Averill completed his Ph.D. in physiological psychology at the University of California, Los Angeles (UCLA) in 1966.

== Career ==

=== Early career ===
After his doctorate, Averill worked as a research psychologist at University of California, Berkeley from 1966 to 1971 under Richard Lazarus, focusing on stress and coping mechanisms.

=== University of Massachusetts Amherst ===
In 1971, Averill joined the University of Massachusetts Amherst as an associate professor of psychology, became full professor in 1976, and remained until his retirement in 2006. He was a founding member of the Department of Psychological and Brain Sciences.
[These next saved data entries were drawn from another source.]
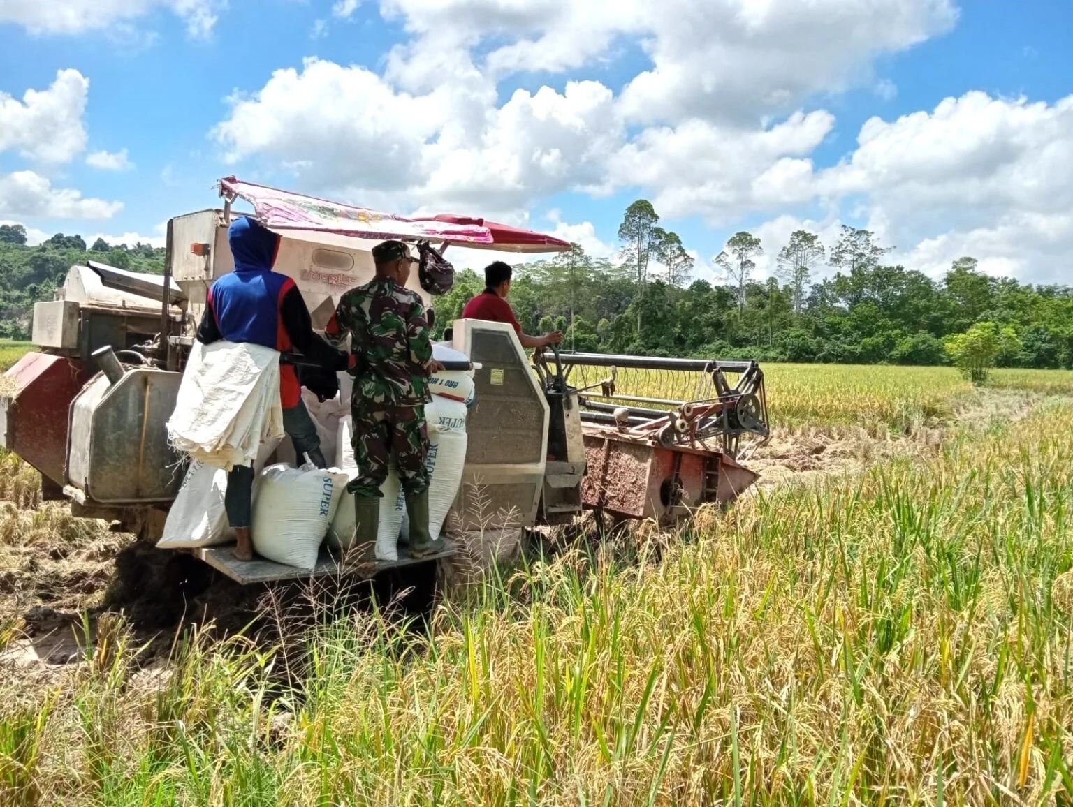 Kutai Kartanegara – Anggota Babinsa Koramil 0906-02/Loa Kulu Sertu Kasrianto bersama bapak Joni yang tergabung dalam kelompok tani Harapan Jaya lakukan panen padi yang berada di Rt 10 Desa Jembayan Tengah kecamatan Loa Kulu, Selasa 18/3/25.
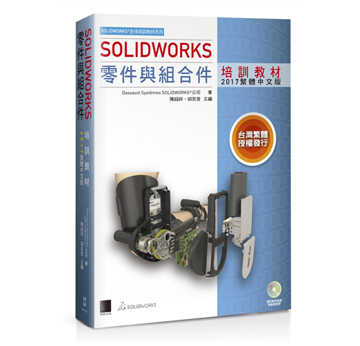 SOLIDWORKS零件與組合件培訓教材<2017繁體中文版>是依據DS SOLIDWORKS公司所出版的《SOLIDWORKS 2017:SOLIDWORKS Essentials》編譯而成的書籍,本書著重於介紹使用SOLIDWORKS軟體建立零件、組合件的基本方法和相關技術,以及產生工程圖的基礎知識。
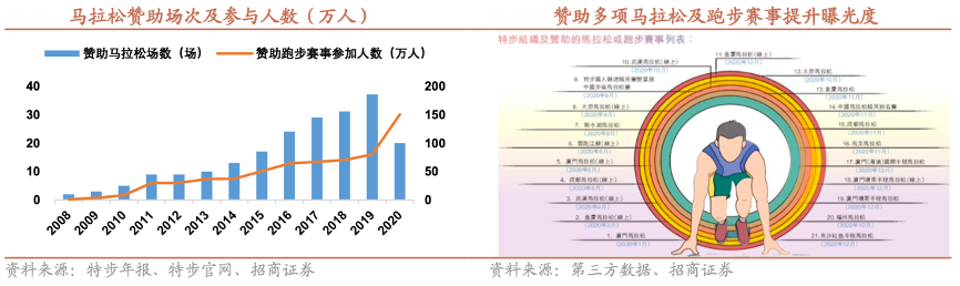 經(jīng)典案例:根據(jù)特步年報(bào)、特步官網(wǎng)、第三方數(shù)據(jù)、招商證券等綜合資訊表明,特步馬拉松賽事贊助強(qiáng)化品牌跑步基因。2008-2019 年期間,贊助馬拉松賽事場次從 2 場增長至 37 場,贊助賽事參與人 數(shù)從 1.1 萬人增長至 80 萬人,15 年以來連續(xù)蟬聯(lián)中國內(nèi)地贊助最多馬拉松賽事的體育用品贊助商,品牌曝光度提升。
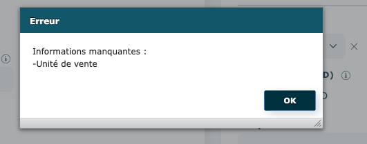 Si certains champs obligatoires pour la validation d'un prix ne sont pas remplis (selon le type de produit), vous obtiendrez un message d'erreur et vous devrez les remplir correctement pour poursuivre.
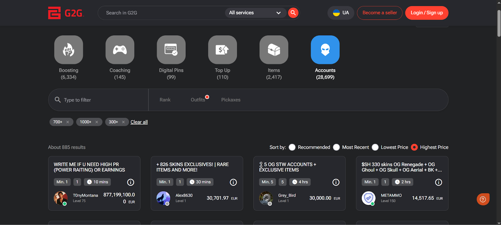 G2G is an international marketplace with active trading of Fortnite accounts, Because the platform has a large number of sellers, players can choose from a wide variety of offers.
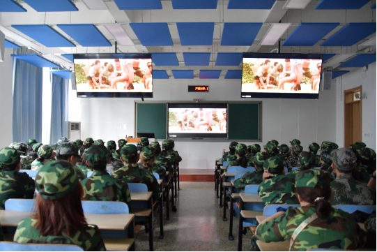 8月27日,pa捕鱼官方网站在第三教学楼B201、B202、B203、B204教室开展“参军入伍政策”学习会和“爱国主义教育”主题观影活动,2023级368名新生参与学习并观看电影《高山上的花环》。
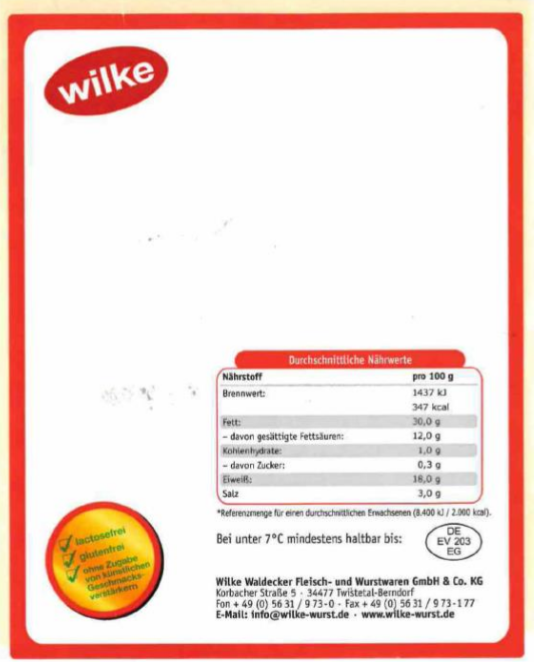 Products made by Wilke have been recalled. German authorities are updating a document with affected products that is now 13 pages long. They can be recognized by the oval identification mark “DE EV 203 EG”, which identifies the manufacturer regardless of the brand. Items could have been sold loose and to hospital kitchens and canteens.
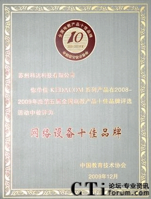 CTI論壇(ctiforum)12月14日消息(記者 張塵):2009年12月4日,由國內(nèi)教育權(quán)威機(jī)構(gòu)“中國教育技術(shù)協(xié)會(huì)”主辦,以讀者調(diào)查問卷的形式舉行的第五屆全國電教產(chǎn)品十佳品牌頒獎(jiǎng)典禮在福州梅峰賓館盛大開幕,科達(dá)教育視頻會(huì)議產(chǎn)品憑借卓越的產(chǎn)品性能和良好的客戶服務(wù)入選網(wǎng)絡(luò)產(chǎn)品類十佳之列,同時(shí)也成為首個(gè)入選十佳品牌的視頻會(huì)議產(chǎn)品。
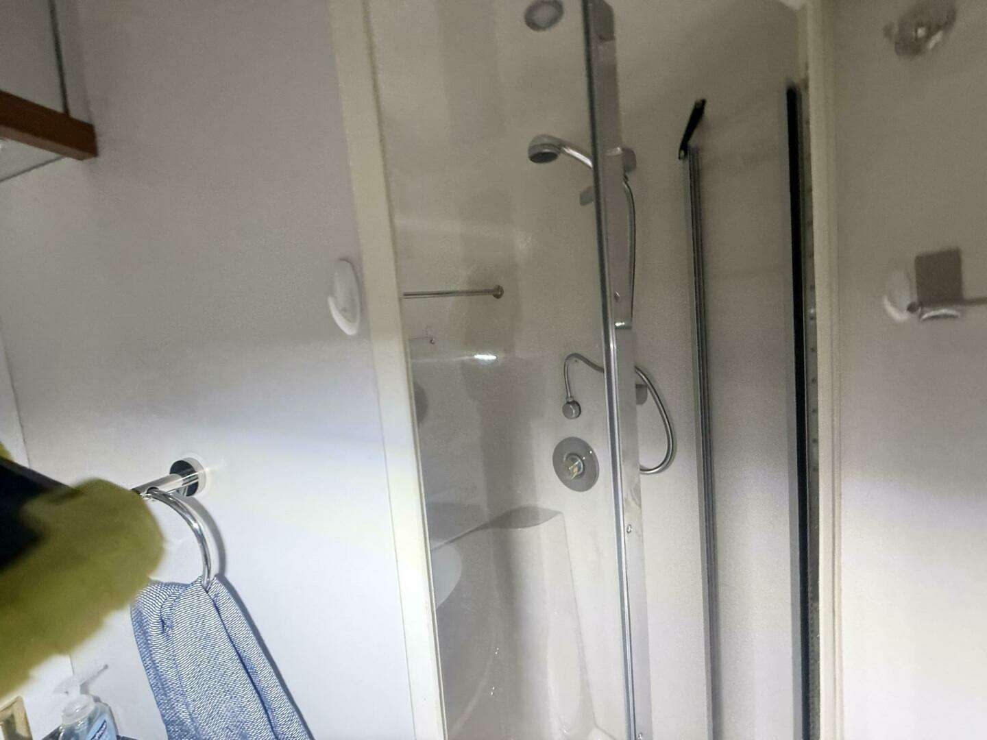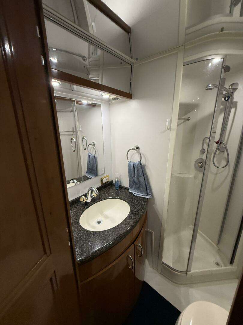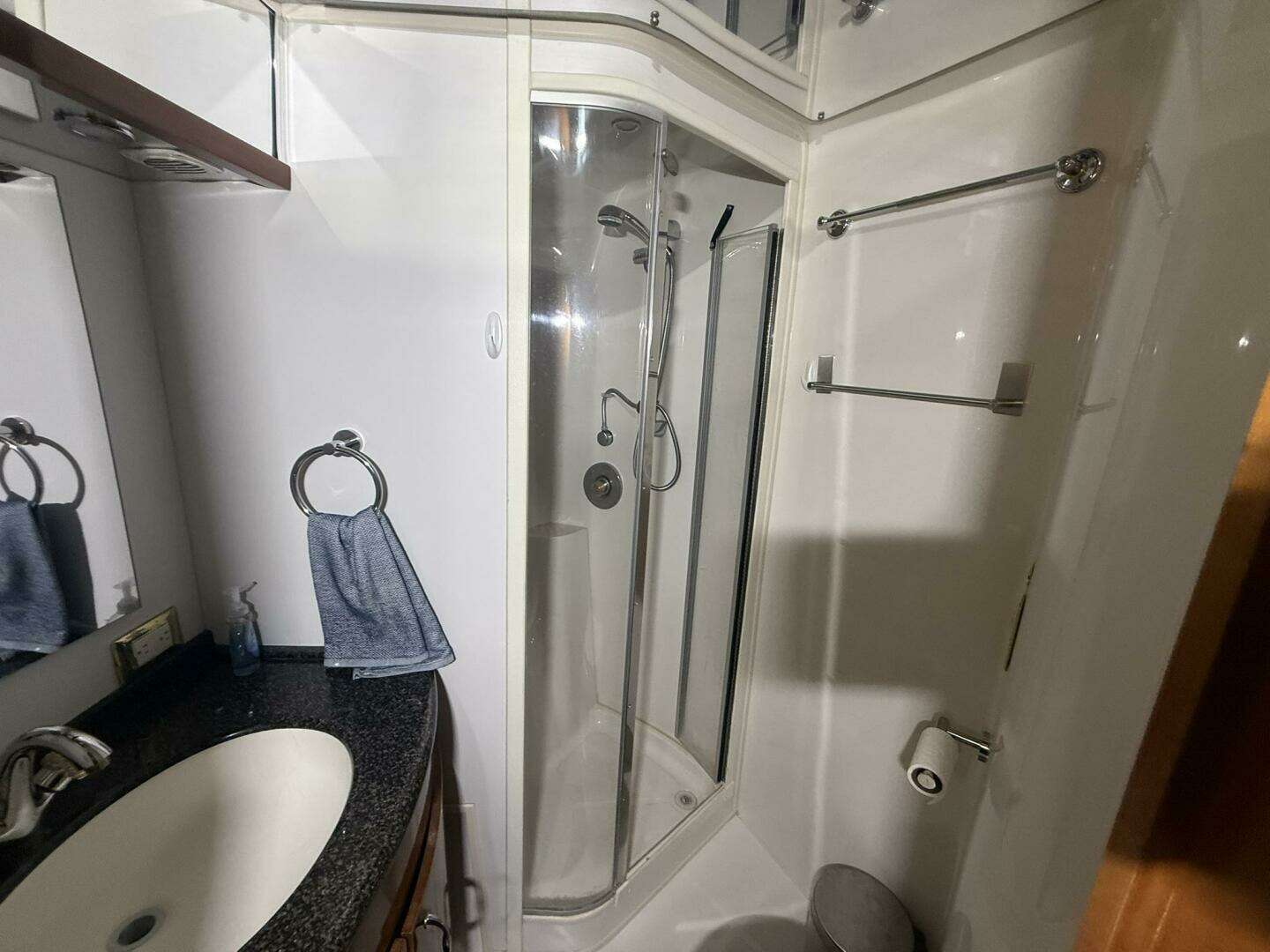 Below deck, this Voyager features a rare and highly desirable three-stateroom layout. The VIP and guest staterooms offer comfortable accommodations with designer fabrics and abundant storage. The forward master stateroom features a walk-around island berth, generous hanging lockers, and ensuite head with separate shower — providing true owner comfort for longer stays aboard.

== Research and contributions ==

=== Social constructivist theory of emotion ===
Averill is recognized as a founder of the social constructivist approach to emotion research. His 1980 chapter "A Constructivist View of Emotion" proposed that emotions function as transitional social roles rather than solely physiological responses.

=== Research areas ===
Averill's work covered anger and aggression, grief and bereavement, hope and optimism, emotional creativity, solitude and its benefits, and aesthetic experiences. His 1982 book Anger and Aggression: An Essay on Emotion is seminal in emotion research, with over 3,900 citations.

== Professional recognition ==
Averill served as president of American Psychological Association Division 24 in 1997–1998 and was a fellow of APA Divisions 1, 8, and 24, and a founding fellow of the Association for Psychological Science.

He published over 130 scholarly works, advancing emotion research in social psychology and personality psychology.

== Personal life ==
Averill married Judith Wittenberger on June 9, 1962; they had two daughters. Judith died in June 2023. In retirement, he participated in the Five College Learning in Retirement program and traveled extensively.

== Death ==
Averill died on August 19, 2024, in Northampton, Massachusetts, at 88.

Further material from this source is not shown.